If you decide to use this prompt, perhaps you should remove the reference to “Snowflake”.

And finally you have the agent tools which are instantiated in file sql_tools.py and are just wrappers around tools provided by LangChain:

import sys
from sql_validation_rules.db_connection_factory import sql_db_factory

from langchain_community.tools.sql_database.tool import (
    InfoSQLDatabaseTool,
    ListSQLDatabaseTool,
    QuerySQLCheckerTool,
    QuerySQLDataBaseTool,
)
from langchain.tools import BaseTool, tool
from langchain_community.tools.sql_database.tool import ListSQLDatabaseTool
from langchain_core.tools import BaseTool

from sql_validation_rules.config.config import cfg
from sql_validation_rules.tools.list_columns_tool import ListIndicesSQLDatabaseTool

db = sql_db_factory()

list_tables_tool: BaseTool = ListSQLDatabaseTool(db=db)

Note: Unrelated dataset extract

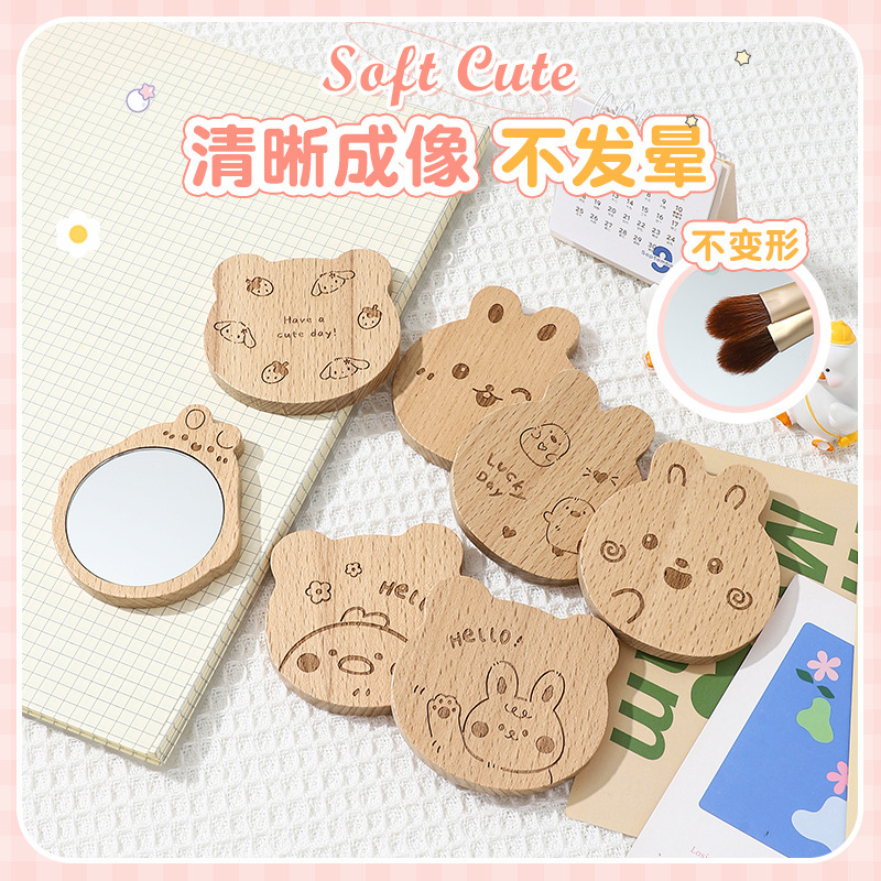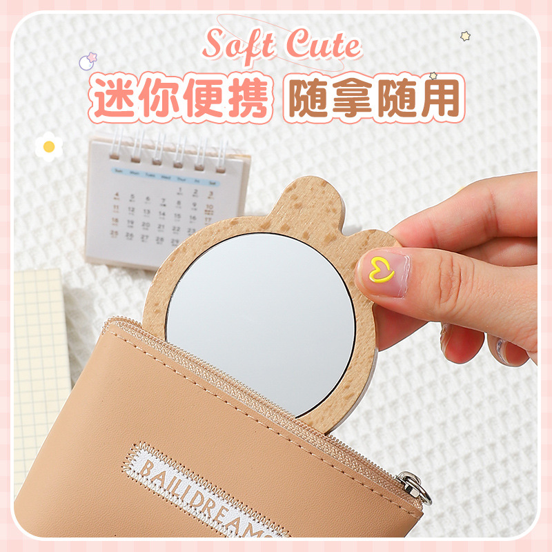 bao bao bao cartoon mini beech mirror portable and cute small mirror portable mirror student lady handheld makeup mirror 中文版

info_tables_tool: BaseTool = InfoSQLDatabaseTool(db=db)

query_sql: BaseTool = QuerySQLDataBaseTool(db=db)

query_sql_checker: BaseTool = QuerySQLCheckerTool(db=db, llm=cfg.llm)

query_columns_tool: BaseTool = ListIndicesSQLDatabaseTool(db=db)

...


@tool("info_tables", return_direct=True)
def sql_info_tables(table_list_str: str) -> str:
    """Returns information about a list of tables."""
    return info_tables_tool(tool_input=table_list_str)


@tool("sql_query", return_direct=True)
def sql_query(sql: str) -> str:
    """Executes a SQL query"""
    return query_sql(tool_input=sql)


@tool("sql_query_checker", return_direct=True)
def sql_query_checker(sql: str) -> str:
    """Validates SQL queries to check if the syntax is correct"""

Graph

The graph is created in file graph_factory.py. This is the relevant code which defines the graph and then creates a runnable instance:

from langgraph.graph import END, StateGraph

...

workflow = StateGraph(AgentState)
workflow.add_node(AGENT, run_agent)  # LLM
workflow.add_node(ACTION, execute_tools)  # SQL tools
workflow.add_node(EXTRACTION, run_extraction)  # Extraction

workflow.set_entry_point(AGENT)

workflow.add_edge(ACTION, AGENT)
workflow.add_conditional_edges(
    AGENT, should_continue, {"continue": ACTION, "end": EXTRACTION}
)
workflow.add_edge(EXTRACTION, END)

app = workflow.compile()

The workflow is instantiated, the nodes are added as function references. Then the entry point (“AGENT”) is defined. Finally the edges are added; note that here you have two types of edges:

• normal edges
• conditional edges — here you can see that the conditional edge is linked to the function should_continue:

def should_continue(data):
    """Define logic that will be used to determine which conditional edge to go down."""
    if isinstance(data[AGENT_OUTCOME], AgentFinish):
        return "end"
    return "continue"

Conclusion

The SQL Rule Validator works well with ChatGPT 4 (model: gpt-4-1106-preview). We have also tried ChatGPT 3.5, but the generated SQL did not make always sense, even though the agent would not crash or anything like that. It would be really interesting to try it out with other models, like the newly released Llama 3.

It is also quite interesting to see how the model interacts with the tools and inspects the databases, checks queries and fires them and then analyses errors. We have captured in more details some of the model interactions in this file here.

The SQL Rule Validator barely touches the full potential of LangGraph. You can write complex extremely complex workflows with it, combined with multi-agent interactions in all sorts of topologies — including supervisor agent based topologies, which we are going to explore in the next blog. You should be able to produce similar tools with Autogen and CrewAI. One advantage of LangGraph over these two is its tight integration with the extensive LangChain environment. Another one is the definition of a clearly defined execution graph.

Thank you for reading this story. See you on the next one.